■ REQUIRED ACTION: Return the lines below exactly, from the first line to the line that contains "High-waisted double pleated". Leave out pictures.

■ WORKING DATA:

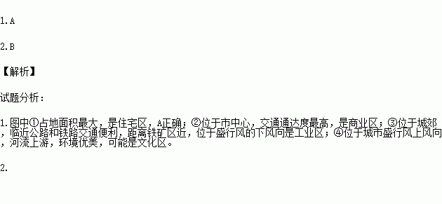 A.①-住宅区 B.②-工业区 C.③-文化区 D.④-商业区
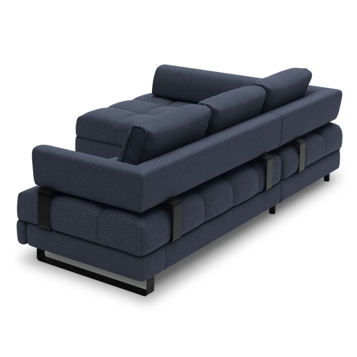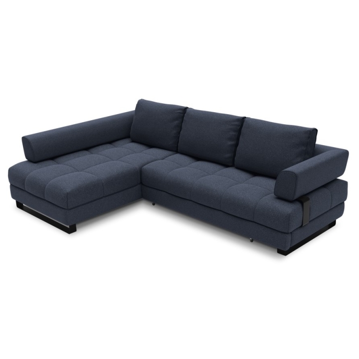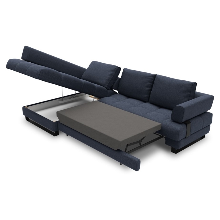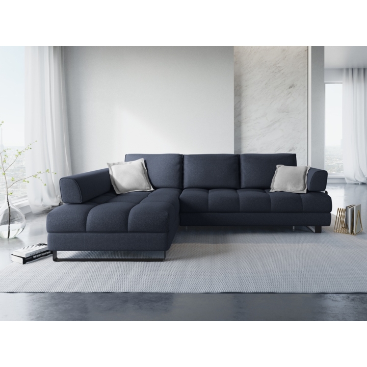 The Clinton 5-seater corner sofa in Structured Fabric Cosmopolitan-design is a large corner sofa with sleeping function and bedding storage, ideal for modern interiors. It has a width of 272 cm, a depth of 173 cm, a height of 89 cm and armrests 16-20 cm wide and 72 cm high to provide comfortable support. The model features a chaise longue with a width of 79 cm and a usable depth of 13o cm to 151 cm when the cushions are removed, giving you a large surface to rest on. Black metal legs 12 cm high emphasise the modern look of the furniture and make it easy to keep clean.
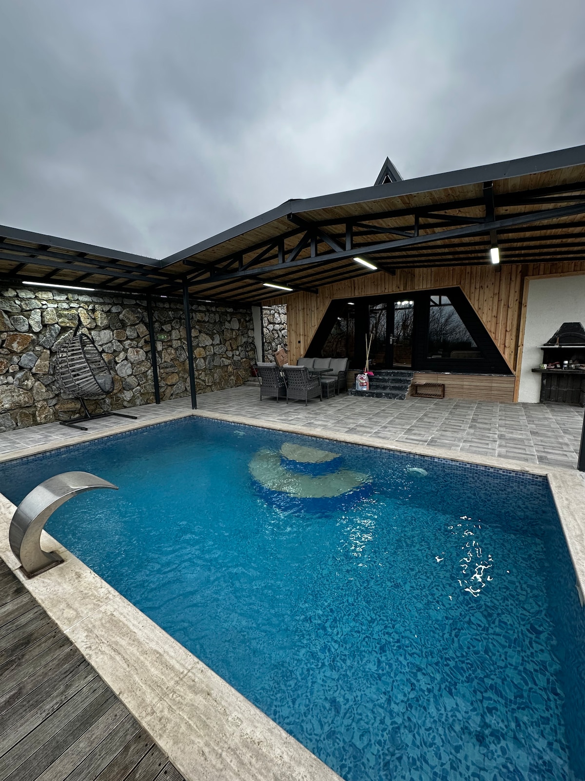 bungalow de piedra safari en sapanca (nuestra piscina está climatizada)
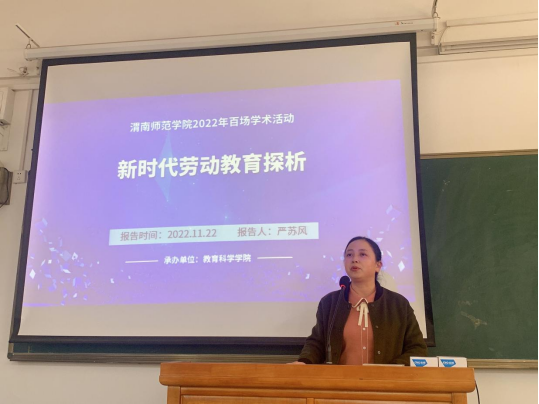 第六场报告于11月22日14点在知新楼2502教室召开,公司特邀严苏风副教授作题为“新时代劳动教育探析”的报告,英国365集团官网部分师生参加会议,报告会由英国365集团官网副经理马雅菊主持。
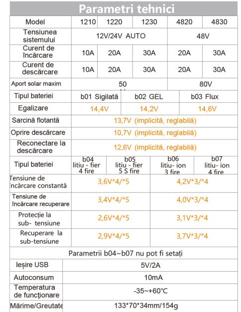 Faptul că acest model este compatibil cu sisteme de 12V și 24V îl face potrivit pentru aplicații unde se utilizează una dintre aceste configurații. Acest lucru oferă flexibilitate în alegerea sistemului și în integrarea regulatorului în proiect.
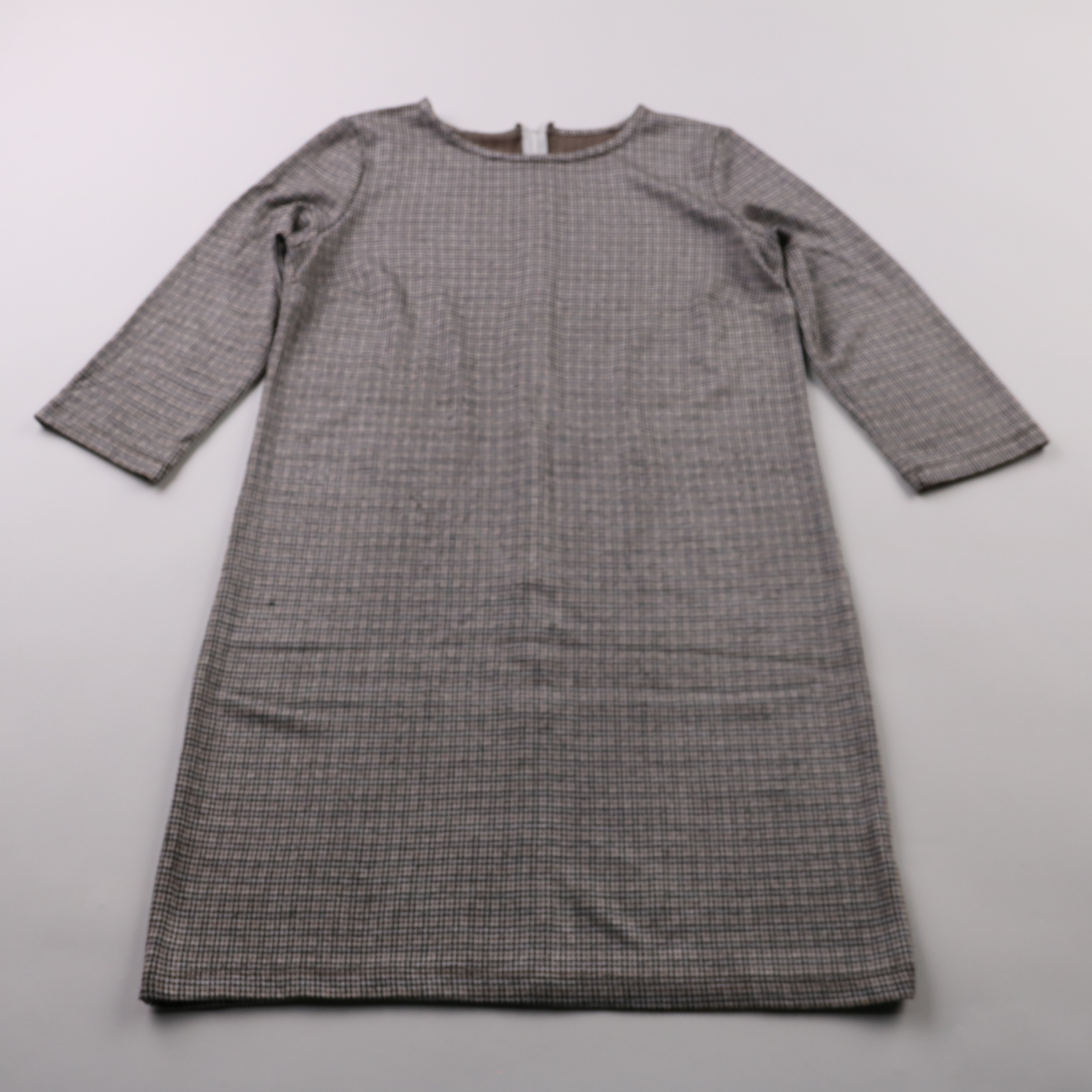 Женское платье прямого кроя с рукавом 3/4, в мелкую клетку/«гусиную лапку». Подойдёт для офиса и повседневных образов в демисезон. Практичный плюс — немаркий серо-коричневый оттенок и лаконичный фасон, который легко сочетать с обувью и жакетом.
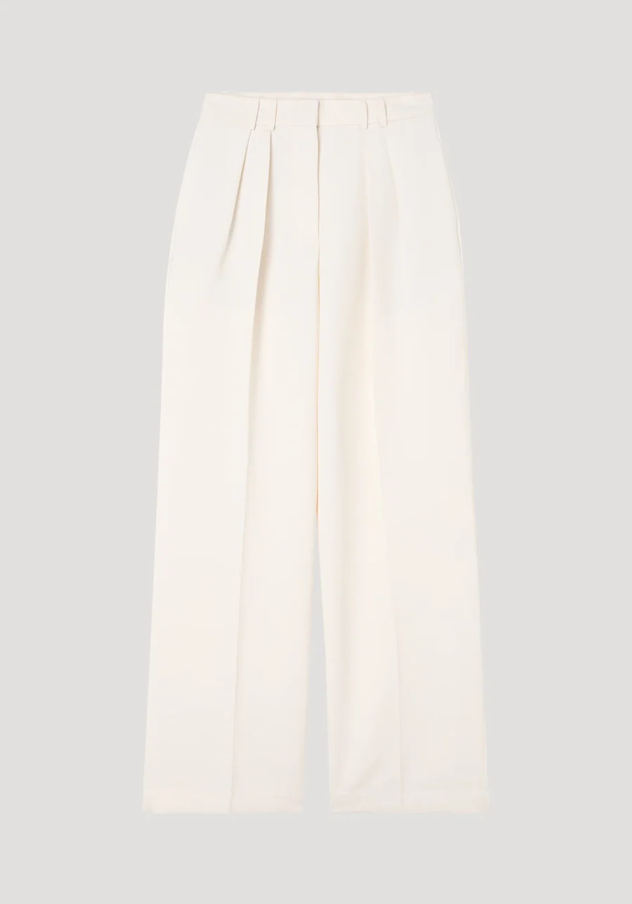 High-waisted double pleated wide leg trousers in a light, modern, clean tailoring quality made from a 100% recycled polyester for a sharp look.
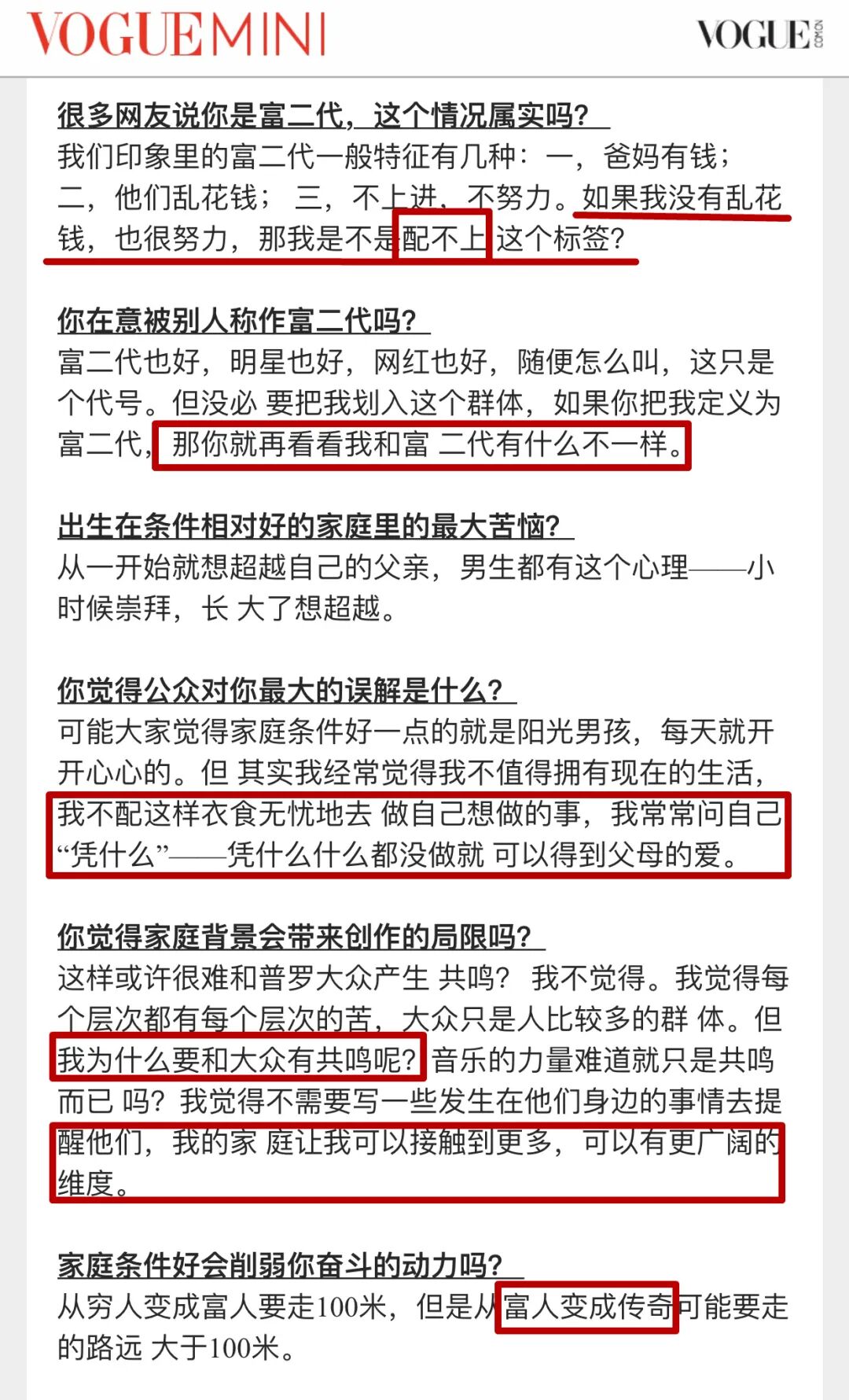 ▲ 這個今年4月VOGUE Mini的采訪真的把我看笑了,字裡行間都在表達“我是富贰代但我不喜歡別人這麼定義”,用“沒有亂花錢也很努力”試著把自己跟普通贰代區分開來,又掩飾不了壹種優越感。
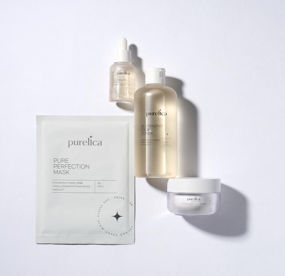 Purelica Ralentissement PDRN Coffret cadeau 4 étapes Toner Ampoule Crème Apaiser Hydrater Soulagement des rougeurs Raffermissant Éclaircissant Vegan
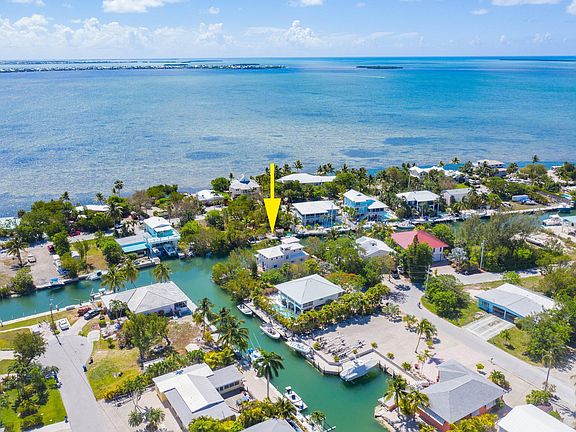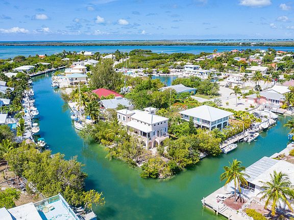 Tropical Mediterranean CBS , Corner Canal home w/ open floor plan & cathedral ceilings, balconies on all compass points. Two blocks from Atlantic and half mile off highway in prestigious Cudjoe Gardens (MM21). One block only full service waterfront marina between Marathon and Key West. Living area 14' above sea level, mature landscaping with more flora and fauna and less concrete. Quiet and private Florida Keys indoor/outdoor living at its finest.
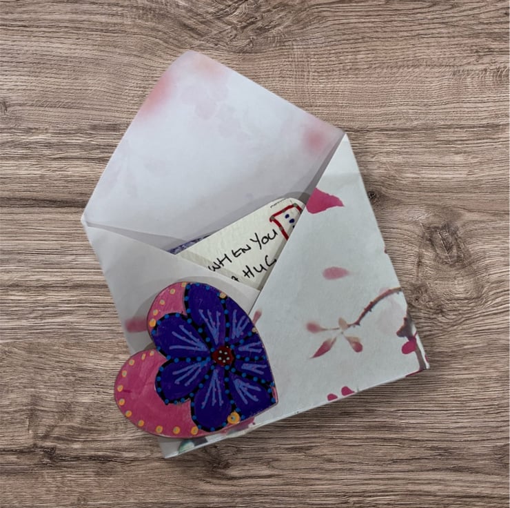 Small hand painted heart pocket hug with a hand folded envelope and hand painted message card ‘For when you need a hug and I am not there to give it to you x’

■ EXPECTED ANSWER:
 A.①-住宅区 B.②-工业区 C.③-文化区 D.④-商业区
 The Clinton 5-seater corner sofa in Structured Fabric Cosmopolitan-design is a large corner sofa with sleeping function and bedding storage, ideal for modern interiors. It has a width of 272 cm, a depth of 173 cm, a height of 89 cm and armrests 16-20 cm wide and 72 cm high to provide comfortable support. The model features a chaise longue with a width of 79 cm and a usable depth of 13o cm to 151 cm when the cushions are removed, giving you a large surface to rest on. Black metal legs 12 cm high emphasise the modern look of the furniture and make it easy to keep clean.
 bungalow de piedra safari en sapanca (nuestra piscina está climatizada)
 第六场报告于11月22日14点在知新楼2502教室召开,公司特邀严苏风副教授作题为“新时代劳动教育探析”的报告,英国365集团官网部分师生参加会议,报告会由英国365集团官网副经理马雅菊主持。
 Faptul că acest model este compatibil cu sisteme de 12V și 24V îl face potrivit pentru aplicații unde se utilizează una dintre aceste configurații. Acest lucru oferă flexibilitate în alegerea sistemului și în integrarea regulatorului în proiect.
 Женское платье прямого кроя с рукавом 3/4, в мелкую клетку/«гусиную лапку». Подойдёт для офиса и повседневных образов в демисезон. Практичный плюс — немаркий серо-коричневый оттенок и лаконичный фасон, который легко сочетать с обувью и жакетом.
 High-waisted double pleated wide leg trousers in a light, modern, clean tailoring quality made from a 100% recycled polyester for a sharp look.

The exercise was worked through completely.